Rémy Degenne (Mar 20 2024 at 15:32):
https://github.com/RemyDegenne/testing-lower-bounds
Patrick Massot (Mar 20 2024 at 15:40):
Ok, I understand. The workflow file still installs leanblueprint from the client branch that was my dev branch.
Patrick Massot (Mar 20 2024 at 15:42):
It means you created this blueprint during the testing phase of the client.
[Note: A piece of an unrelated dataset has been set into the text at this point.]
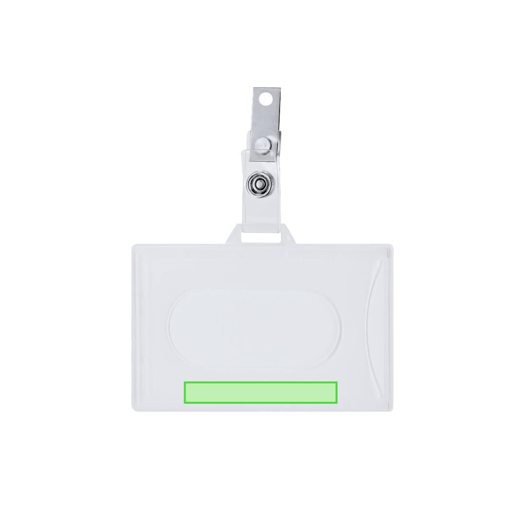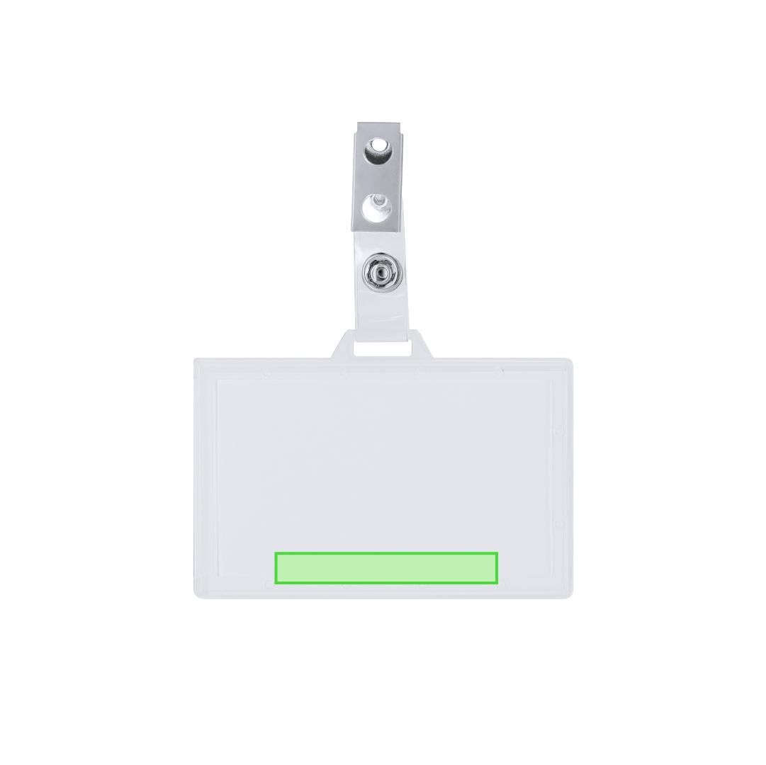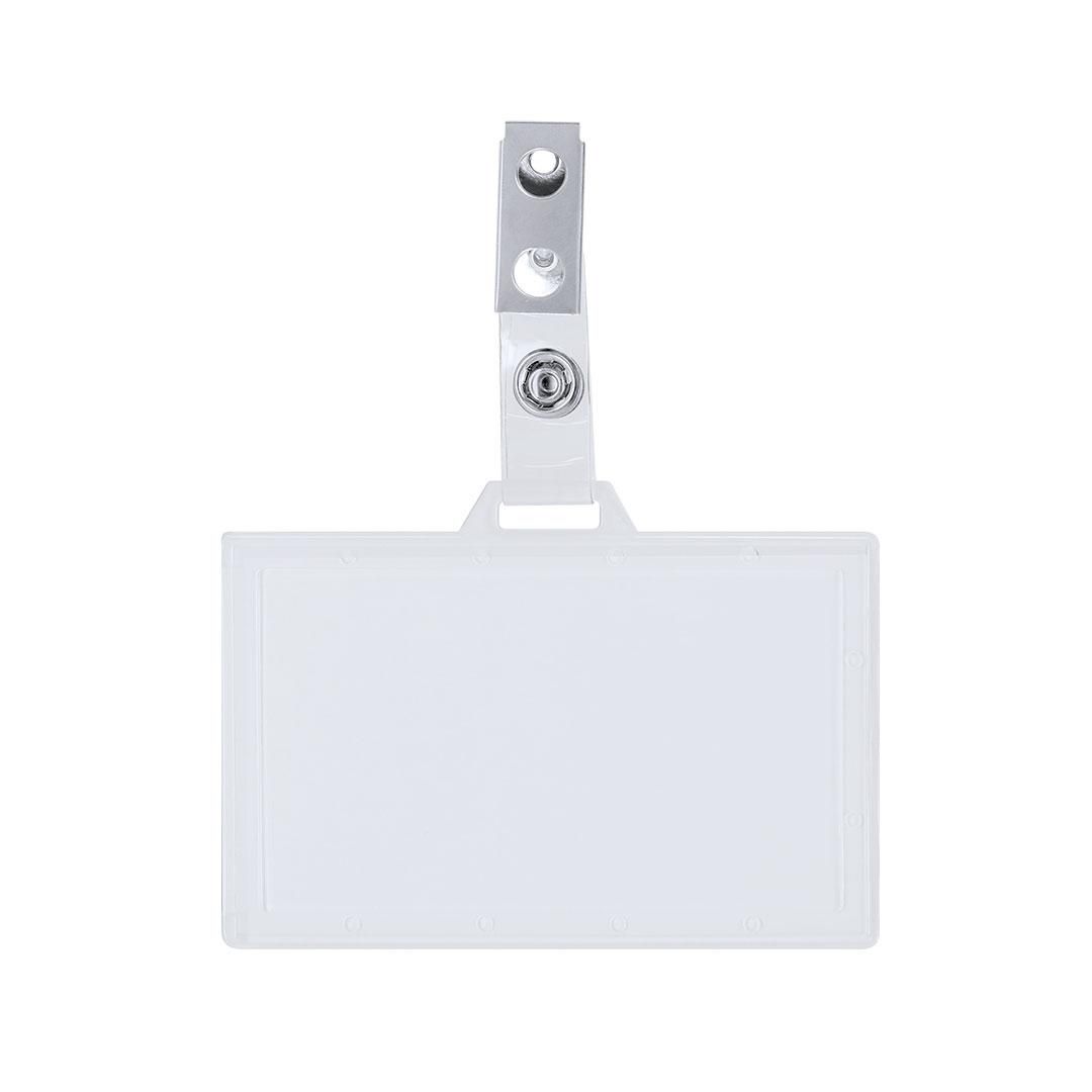 Identificador de PS rígido con pinza metálica en orientación horizontal. Ideal para llevar colgado y mostrar tu identificación. El sistema de cierre es extraíble y puedes utilizar el identificador en conjunto con lanyard.

Patrick Massot (Mar 20 2024 at 15:43):
https://github.com/RemyDegenne/testing-lower-bounds/pull/1
Rémy Degenne (Mar 20 2024 at 15:44):
Thanks a lot!
Sam van G (Mar 27 2024 at 10:34):
Hello!
@María Inés de Frutos Fernández and I are installing Leanblueprint following the instructions here, but running the command pip install git+https://github.com/PatrickMassot/leanblueprint.git@client
only gets us to version 0.0.3. Is this wanted behavior?
I was able to get version 0.0.6 (which appears to be the most recent) by doing pip install git+https://github.com/PatrickMassot/leanblueprint.git
(so omitting the @client
at the end).
Rémy Degenne (Mar 27 2024 at 10:48):
These instructions are outdated. pip install leanblueprint
is the correct way to install.
Richard Osborn (Mar 27 2024 at 13:02):
For people on mac who want to install leanblueprint
globally via pipx
, you may need to set your environment variables so that pygraphviz
can locate the graphviz
installed by homebrew
.
export CFLAGS="-I$(brew --prefix graphviz)/include/"
export LDFLAGS="-L$(brew --prefix graphviz)/lib/"
pipx install leanblueprint
Patrick Massot (Mar 27 2024 at 13:44):
If some other Mac user confirms this is useful then I could add it to the documentation.
Utensil Song (Mar 27 2024 at 13:54):
See also https://pygraphviz.github.io/documentation/stable/install.html#homebrew which is essentially the same thing but a little verbose and not for pipx
.
Patrick Massot (Mar 27 2024 at 14:04):
Ok so I don’t need it if it’s already on pygraphviz website.
Richard Osborn (Mar 27 2024 at 14:20):
The issue is that pipx
creates a new virtual environment for leanblueprint
and installs pygraphviz
in that environment. I found that setting CFLAGS
and LDFLAGS
was the only simple way of getting pipx
to install pygraphviz
cleanly.
Rémy Degenne (Mar 29 2024 at 13:45):
@Patrick Massot I noticed an issue with the doc on the blueprint at https://remydegenne.github.io/testing-lower-bounds/blueprint/sect0002.html .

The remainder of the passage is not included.